The judiciary and secularism
The
judiciary in India has been generally favouring the ideology of
secularism. A leading case on India’s secular character was decided by
the Supreme Court in 1994. The Court declared that secularism was an
inalienable part of the Constitution and clarified that “secularism is
more than a passive attitude of religious tolerance; it is a positive
concept of equal treatment of all religions… when the State allows
citizens to profess and practise their religions, it does not either
explicitly or impliedly allow them to introduce religion into
non-religious and secular activities of the State” (S.R. Bommai v. Union of India, 1994).
There have, however, been occasional aberrations too, a clear instance
of which was found in the late Justice J.S. Verma’s so-called Hindutva
judgments of 1995. Gravely disturbed by their tenor, his brother judge
K. Ramaswamy hastened to get them referred to a larger Bench for review.
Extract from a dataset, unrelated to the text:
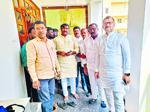 కీసర: బీజేపీ మేడ్చల్ నియోజకవర్గం అభ్యర్థిగా ముందుగా తనని ప్రకటించి, బీ-ఫామ్ను ఏనుగు సుదర్శన్రెడ్డికి ఇవ్వడం పట్ల బీజేపీ జిల్లా రూరల్ అధ్యక్షుడు పటోళ్ల విక్రమ్రెడ్డి అధిష్ఠానంపై తీవ్ర అసంతృప్తి వ్యక్తం చేశారు. కీసర ఆర్డీవో కార్యాలయంలో శుక్రవారం నామినేషన్ దాఖలు చేసిన అనంతరం ఆయన విలేకర్ల సమావేశంలో మాట్లాడారు. పార్టీ సిద్ధాంతాలకు కట్టుబడి పనిచేశానని, పార్టీ అధిష్టానం ముందు తన పేరును ప్రకటించి, అనంతరం రాత్రికిరాత్రే పేరు మార్చి ఏనుగు సుదర్శన్రెడ్డి పేరు ప్రకటించడంతో తీవ్ర మనస్తాపానికి గురయ్యానన్నారు. దీనిపై తనకు, తన అనుచరులకు పార్టీ అధిష్టానం పట్ల గౌరవం పోతోందన్నారు. ఈ విషయంపై అధిష్టానంతో తాడోపేడో తెల్చుకుంటానని ఆయన స్పష్టం చేశారు.
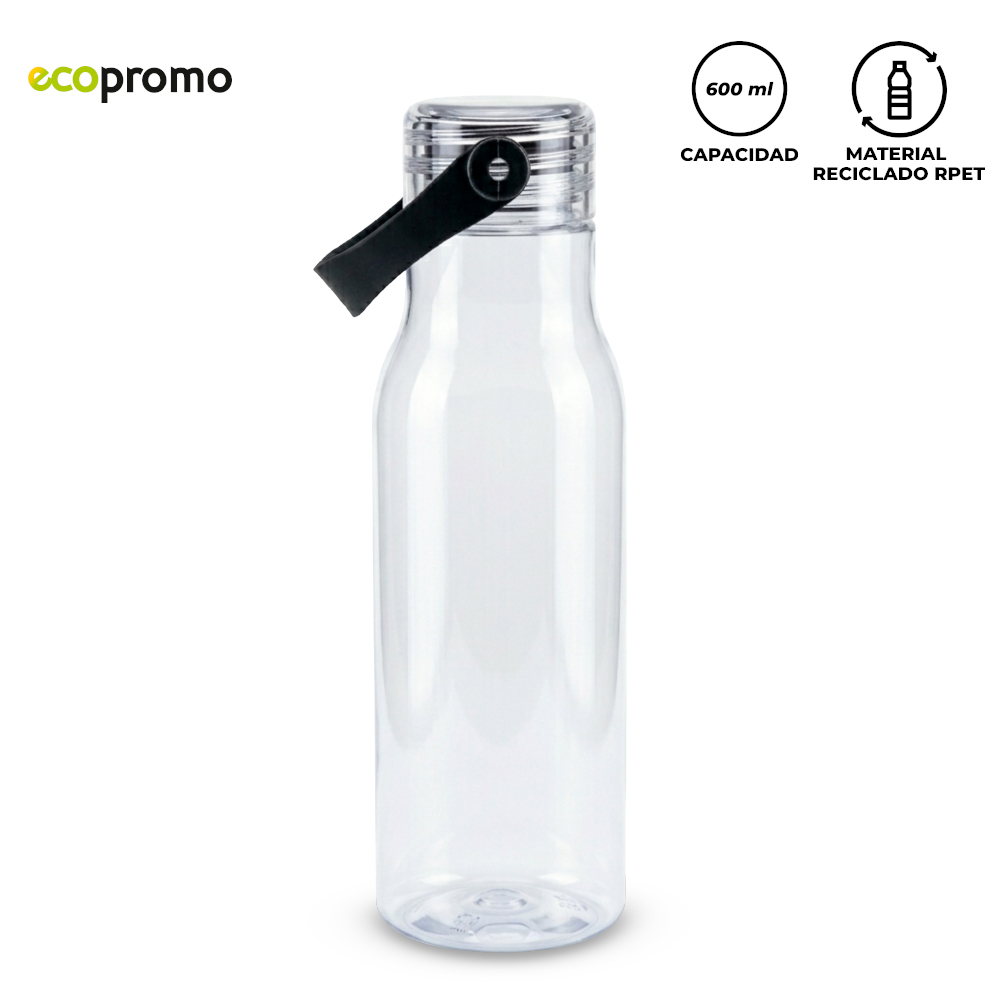 Botilito plástico reciclado RPET. Tapa plástica tipo rosca y agarre en silicona.Medidas: 23 cm x 6.5 cm de díametro.Marca: 5 cm / Tampografía / 19 cm / Serigrafía contorno.Ficha Tecnica

The public outcry against the language used in those rulings, which
seemed to be lending weight to protagonists of political communalism,
forced the learned author to dispel such impressions in a clarifying
decision given in quick succession. He was soon appointed to the Chair
of the National Human Rights Commission, and his policies and
performance there turned into a direction exactly opposite to what his
earlier judgments were made out to be.
Democracy
envisages periodical change of guard, and a time for that has come once
again. The race for taking over the reins of the nation next is
currently on, and is unfortunately fast developing into a tug of war
between professedly secular and conspicuously communal ideologies. The
outcome is anybody’s guess. Neither unbridled political ambitions nor
media speculations will however be decisive. The people of this country
will be the real arbiters of its destiny.